By proactively managing upcoming maintenance in your VMs, you can minimize disruptions to your workloads and maintain optimal performance.
Before you begin
-
Select the tab for how you plan to use the samples on this page:
gcloud
In the Google Cloud console, activate Cloud Shell.
At the bottom of the Google Cloud console, a Cloud Shell session starts and displays a command-line prompt. Cloud Shell is a shell environment with the Google Cloud CLI already installed and with values already set for your current project.
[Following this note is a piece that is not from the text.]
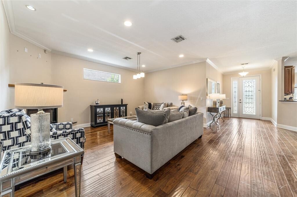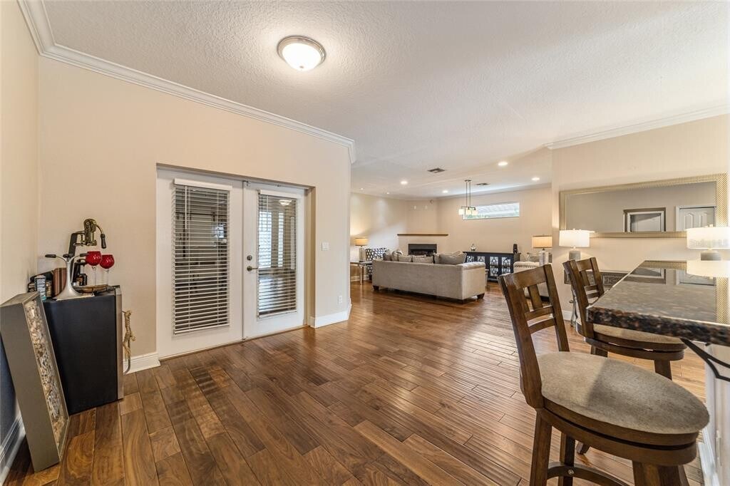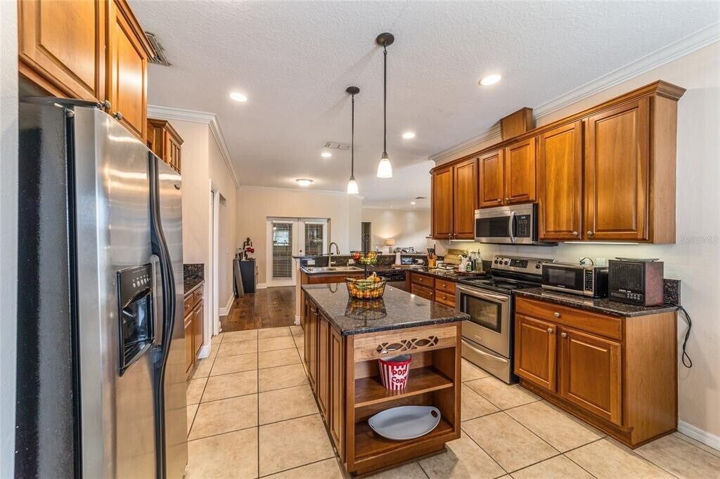 Gorgeous home located in sought-after neighborhood close to schools,restaurants,shopping and health care! This stunning four-bedroom,three-bath home offers an blend of style and convenience.Open floor plan with high ceilings,Mohawk hardwood floors throughout. The gourmet kitchen features a granite island and countertops,upgraded crown molding and ample space for culinary creations. The primary suite has beautiful tray ceilings,high-end crown molding and a spacious custom closet. Through the French doors is fully covered lanai for relaxing and entertaining.Triple-split floor plan is ideal for accommodating a mother-in-law suite,weekend guests,a growing family or even a private office. Move in ready condition,unfurnished. Schedule your showing today! MLS# OM711742

It can take a few seconds for the session to initialize.
REST
To use the REST API samples on this page in a local development environment, you use the credentials you provide to the gcloud CLI.
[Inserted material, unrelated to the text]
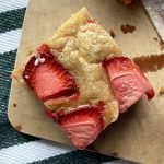 Fold in the chocolate and/or nut chunks and then lightly and evenly press the batter into your prepared pan. Arrange the strawberries as you wish across the top and give each a light press so that they stay put. Bake for 25 to 30 minutes until the edges are browned and the center is set. Allow the bars to cool completely in the pan on a rack before using the parchment to remove to a cutting board and slicing. Enjoy!
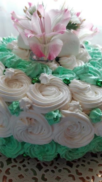 Ho aggiungo del colorante verde, confettini di zucchero verdi e fiori freschi sul rosa.

Install the Google Cloud CLI, then initialize it by running the following command:
gcloud init
For more information, see Authenticate for using REST in the Google Cloud authentication documentation.
Required roles
To get the permissions that you need to manage host maintenance events, ask your administrator to grant you the following IAM roles:
-
Compute Admin (
roles/compute.admin
) on the project -
For read-only access to System Event audit logs:
Logs Viewer (
roles/logging.viewer
) on the project
For more information about granting roles, see Manage access to projects, folders, and organizations.
These predefined roles contain the permissions required to manage host maintenance events. To see the exact permissions that are required, expand the Required permissions section:
Required permissions
The following permissions are required to manage host maintenance events:
-
To view the details of a VM:
compute.instances.get
on the project
You might also be able to get these permissions with custom roles or other predefined roles.
Overview
To optimize the maintenance of your VMs and minimize disruptions to your workloads, complete the following steps:
Set up notification alerts. Create log-based alerts to receive notifications when maintenance is scheduled, started, or completed for your VMs. This helps you proactively plan your activities and avoid unexpected downtime.
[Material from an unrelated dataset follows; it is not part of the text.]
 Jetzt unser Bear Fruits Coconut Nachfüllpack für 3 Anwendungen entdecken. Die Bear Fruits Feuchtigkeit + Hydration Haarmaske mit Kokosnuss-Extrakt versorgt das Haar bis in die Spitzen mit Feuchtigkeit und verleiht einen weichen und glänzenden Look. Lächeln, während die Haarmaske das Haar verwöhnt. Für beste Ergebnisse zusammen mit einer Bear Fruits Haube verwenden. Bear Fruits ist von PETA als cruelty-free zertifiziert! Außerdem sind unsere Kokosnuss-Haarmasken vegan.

For instructions, see Set up notification alerts in this document.
Manage maintenance across VMs. View and, optionally, manually start maintenance across your VMs. This helps you increase the resilience of your workload to host errors, prevent downtime, and ensure that your applications remain available.
For instructions, see Manage maintenance across VMs in this document.
Set up notification alerts
You can receive notifications when maintenance for your VMs is scheduled, started, ongoing, or completed by creating log-based alerting policies.
To create an alert for the maintenance events of your VMs, complete the following procedure. If you want to create multiple alerts, then repeat this procedure for each alert that you want to create.
-
In the Google Cloud console, go to the Logs Explorer page:
If you use the search bar to find this page, then select the result whose subheading is Logging.
Click the Show query toggle to the on position.
In the Query pane, build one of the following queries. These queries filter log entries to identify specific maintenance events. If you want to use multiple queries, repeat this procedure to create an unique alert for each query.
To receive alerts when maintenance for a VM is scheduled:
protoPayload.methodName="compute.instances.upcomingMaintenance" severity>=DEFAULT protoPayload.status.message =~ "scheduled"
To receive alerts when the maintenance window for a VM has opened:
protoPayload.methodName="compute.instances.upcomingMaintenance" severity>=DEFAULT protoPayload.status.message =~ "ongoing"
To receive alerts when maintenance for a VM has started:
protoPayload.methodName="compute.instance.terminateOnHostMaintenance" severity>=DEFAULT
To receive alerts when maintenance for a VM has completed:
protoPayload.methodName="compute.instances.upcomingMaintenance" severity>=DEFAULT protoPayload.status.message =~ "completed"
To validate the query, click Run query.
In the Query results toolbar, click the Actions list, and then select
Create log alert.The Create logs-based alert policy pane appears.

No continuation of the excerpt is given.